Whilst Hyundai will undoubtedly reveal more as we get closer to the Frankfurt Motor Show’s opening day on 15th September, here’s all we know so far about this pair of performance cars
2016 Hyundai i20 WRC
Hyundai did originally plan for the new i20 rally car to be competing in the World Rally Championship by now. However, a last-minute decision to run the car as a five-door model means it won’t actually turn a wheel in anger until next year’s Rallye Monte Carlo.
That won’t stop Hyundai from showcasing the i20 WRC at Frankfurt Motor Show.

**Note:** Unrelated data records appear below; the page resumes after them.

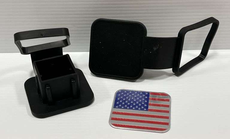American flag trailer hitch cover, durable 2" metal receiver tube protector, rubber plug cap, 2" hitches, one piece or a blank one, never used new
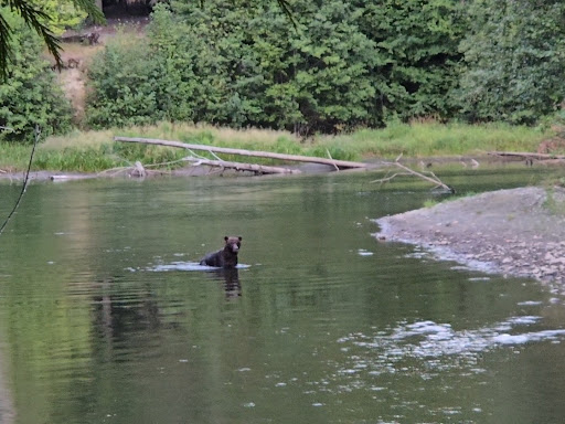 This campground has a nice area by the river to view bears. The Tweedsmuir website says: "Peak viewing season September 1 to October 15". Keep in mind, however, that conservation officers are only at this site occasionally, so (as always)...
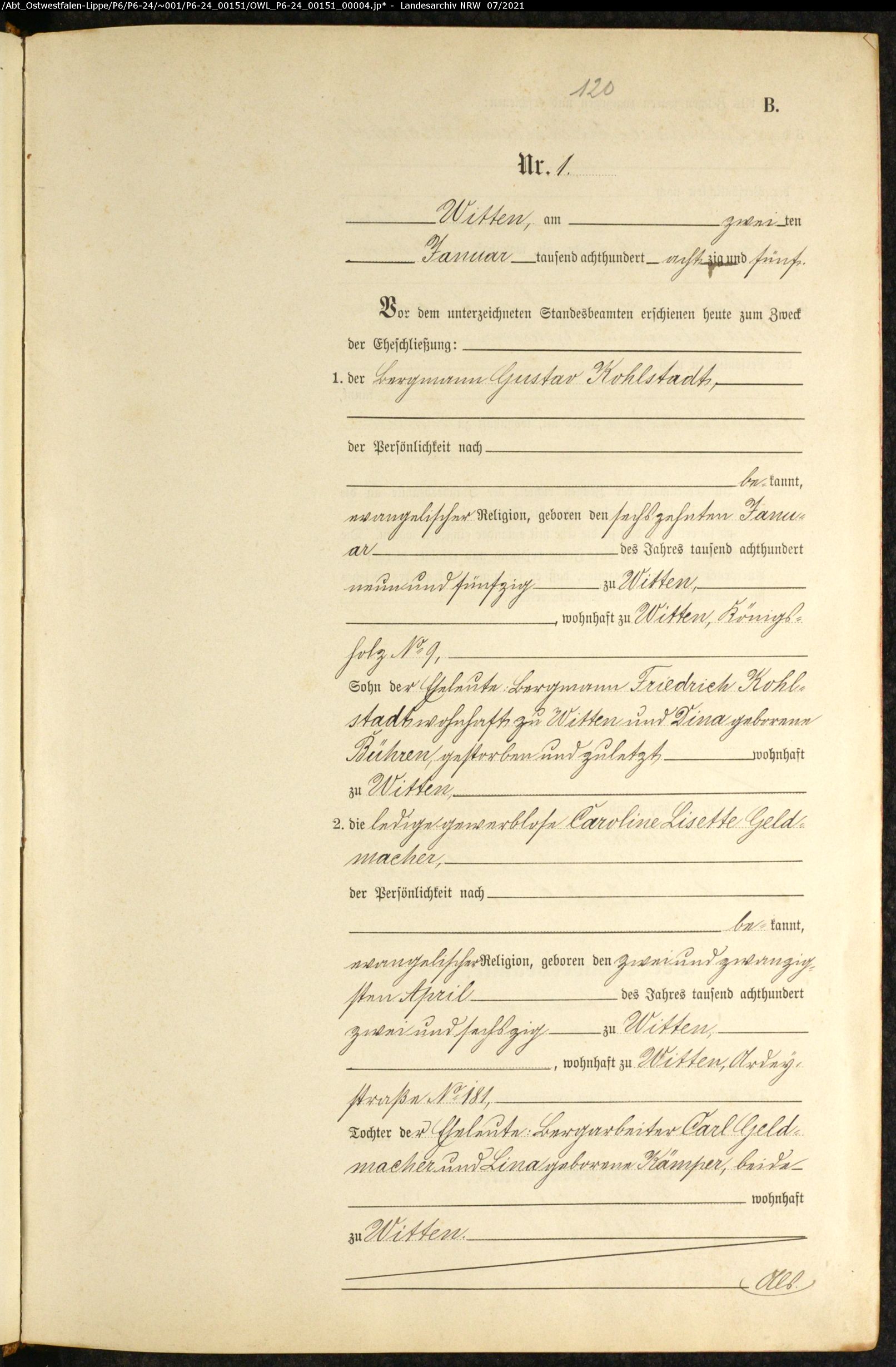 Bergmann Gustav Kohlstadt (*16.01.1859 in Witten), wohnhaft Königsholz No. 9, Sohn der Eheleute Bergmann Friedrich Kohlstadt und Dina Büren & ledige gewerblose Caroline Lisette Geldmacher (*22.04.1862 in Witten), wohnhaft Ardeystraße No. 181, Tochter der Eheleute Bergarbeiter Carl Geldmacher und Lina Kämper.
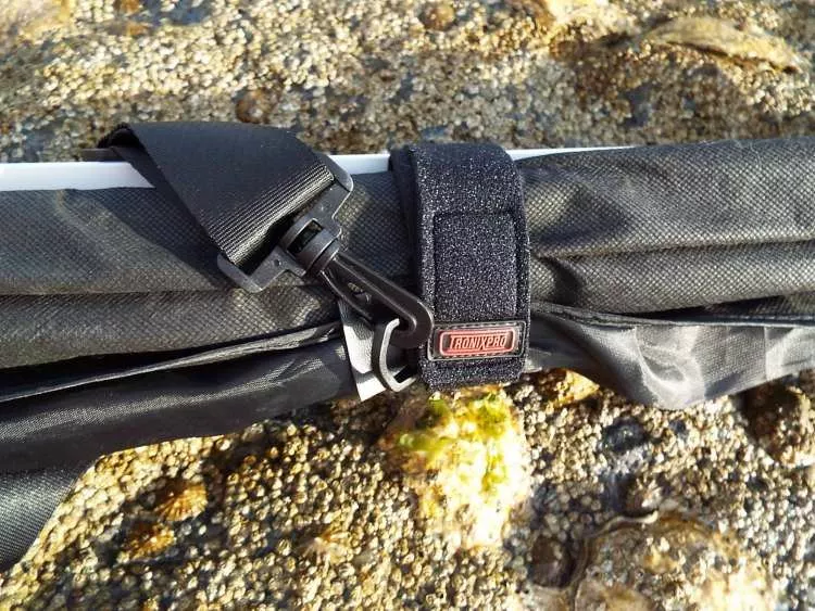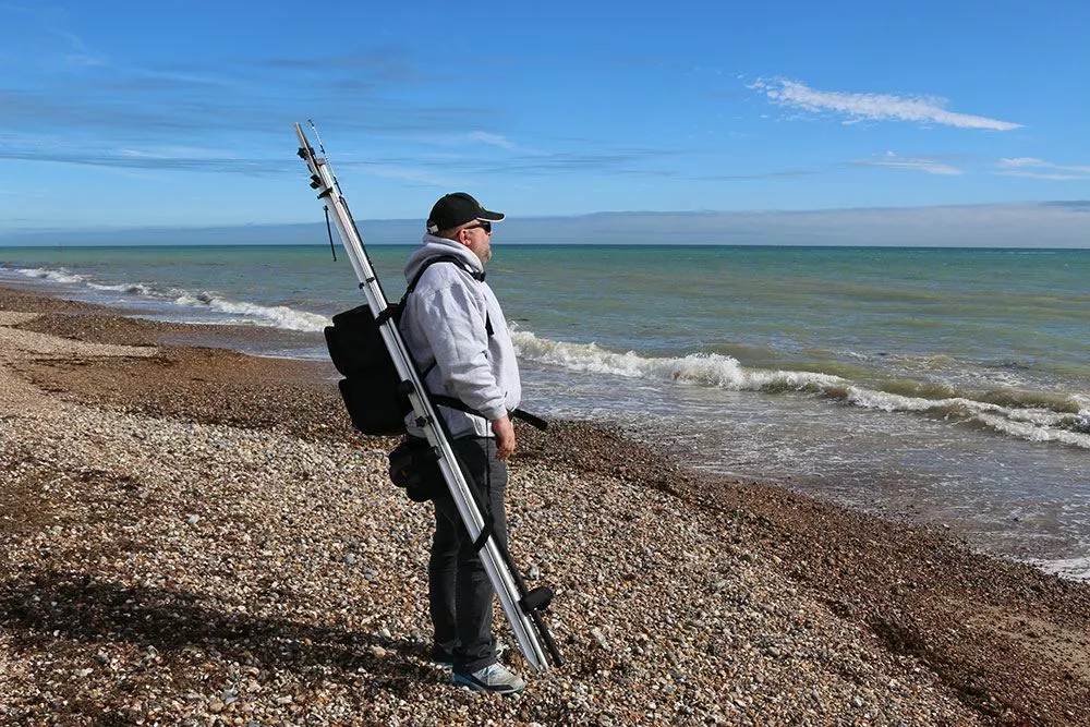 - This innovative sling allows you to strap your rod to the 2 securing points which you can then sling over your shoulder. This means you can free up both hands to carry other luggage or tackle. Perfect for transportation, this item can hold two beach rods and a rod rest.
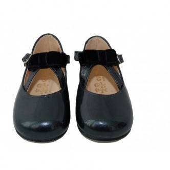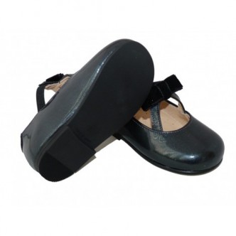 Merceditas de piel charol en color Silver Gris Oscuro.Detalle lazito de terciopelo en color negro y tiras cruzadas en la parte delantera.Cierre hebilla. Un modelo muy original y elegante,perfecto para cualquier ocasión.Suela de goma.Fabricado en España.
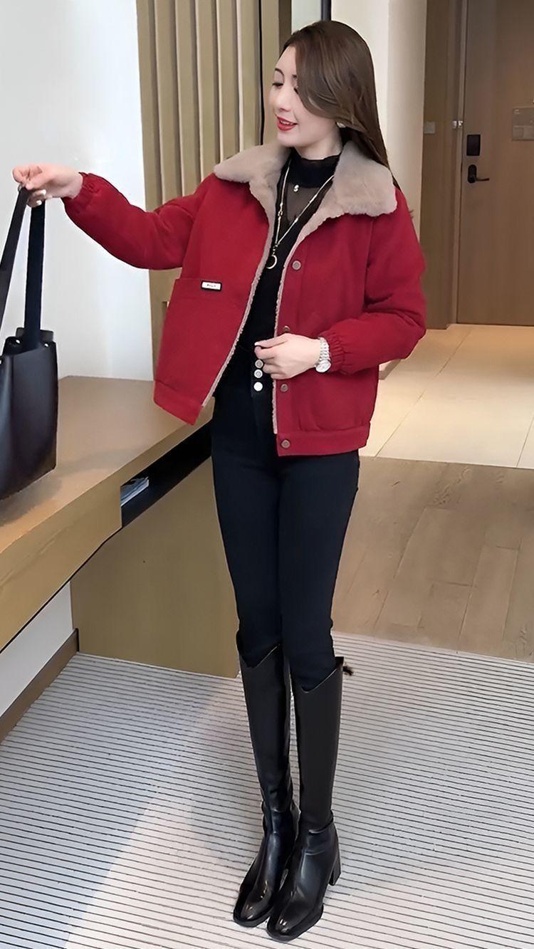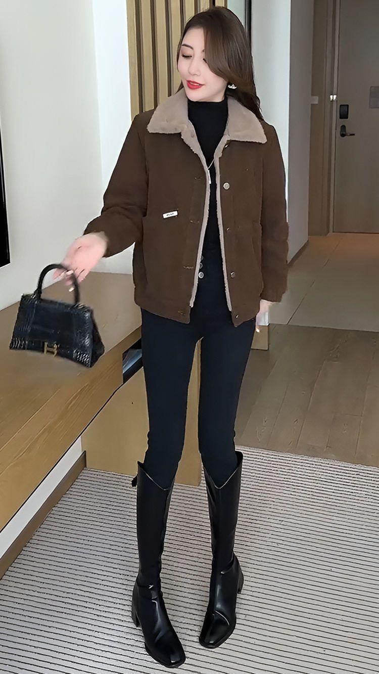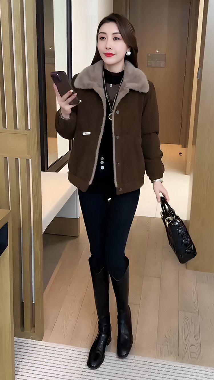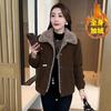 Chaqueta Corta de Terciopelo para Mujer Pequeña 2024 Invierno Nueva Moda Versátil Suelta Gruesa Cálida
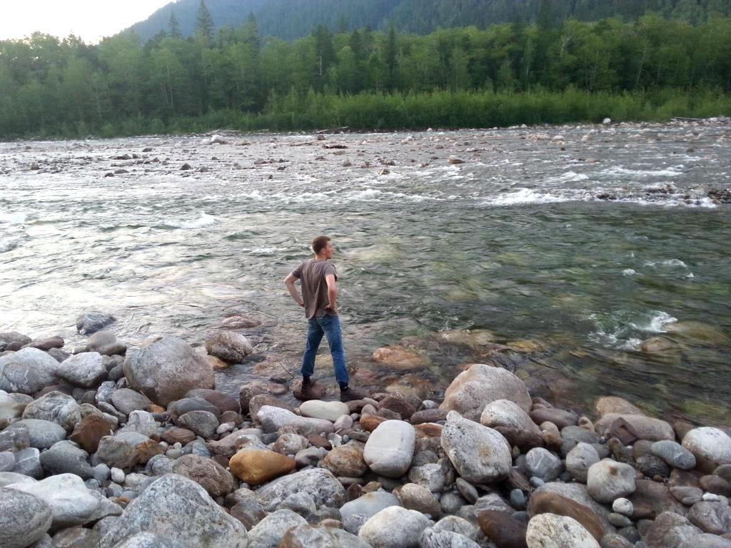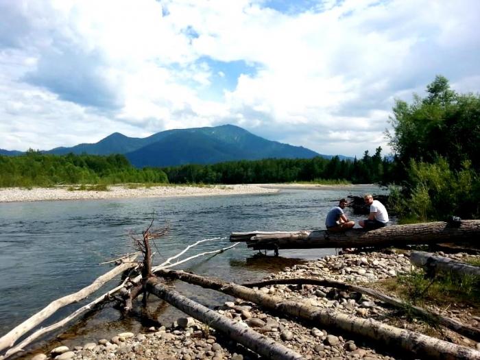 Прошли мостик, свернули на развилке опять налево. Прошел ещё час. Солнце спускалось всё ближе к еле заметным через верхушки деревьев горам. В наши сердца начало закрадываться сомнение. Остановились, прислушались к шуму реки, посмотрели карту, сверились с GPS. Всё правильно. Идем дальше. Прошел ещё час. Всё те же упавшие деревья и папоротники. Хорошо, что мошкары нет. Уже несколько раз подумали, что зря задумали всё это. Но врагу не сдается наш гордый Варяг! Только вперед! Идем… Вот через пол часа заметили усиливающийся шум реки. И на самом деле через несколько минут тропинка привела нас на берег р. Снежная, недалеко от которого было устье реки Селенгинка. Вид потрясающий! Огромные круглые камни, по которым с бешенной скоростью несется вода. Всё это окружает густой лес, а за ним виднеются мощные махровые горы. Такое мы видели только на картинках.

And, whilst the car is still being developed, it’s expected we’ll see the i20 WRC in the orange/pale blue livery scheme for the first time at Frankfurt in the coming weeks.
With rather radical technical regulations coming to the WRC in 2017, it’ll be interesting to see if the new i20 rally car is indeed – as Hyundai claims – “99% new”. If the overhaul has been that drastic, though, then we expect Hyundai rally drivers Thierry Nueville and Dani Sordo to be a serious threat to the dominant Polo R WRC of Sebastien Ogier.
Hyundai N 2025 Vision Gran Turismo
Perhaps the highlight of the announcement, though, is this. Partly because so little is known about it, but mostly because what has been disclosed is getting us here at Motor Verso really pumped to find out more.
For starters, the teaser images suggest a pretty badass aesthetic for the N 2025 Vision Gran Turismo, which appears to adopt a mish-mash of cues taken from Le Mans Prototypes. The fact it’s said to highlight ‘sustainable technologies’ does indeed imply this is Hyundai’s take on contemporary LMP1-H racing cars.
Though we’d love this to be Hyundai’s way of saying it’ll be competing in top-tier World Endurance Championship racing, it’s doubtful that will actually be the case. Nevertheless, it’s still a very intriguing concept car, and we will eventually see it in action – albeit in the Gran Turismo 6 racing game.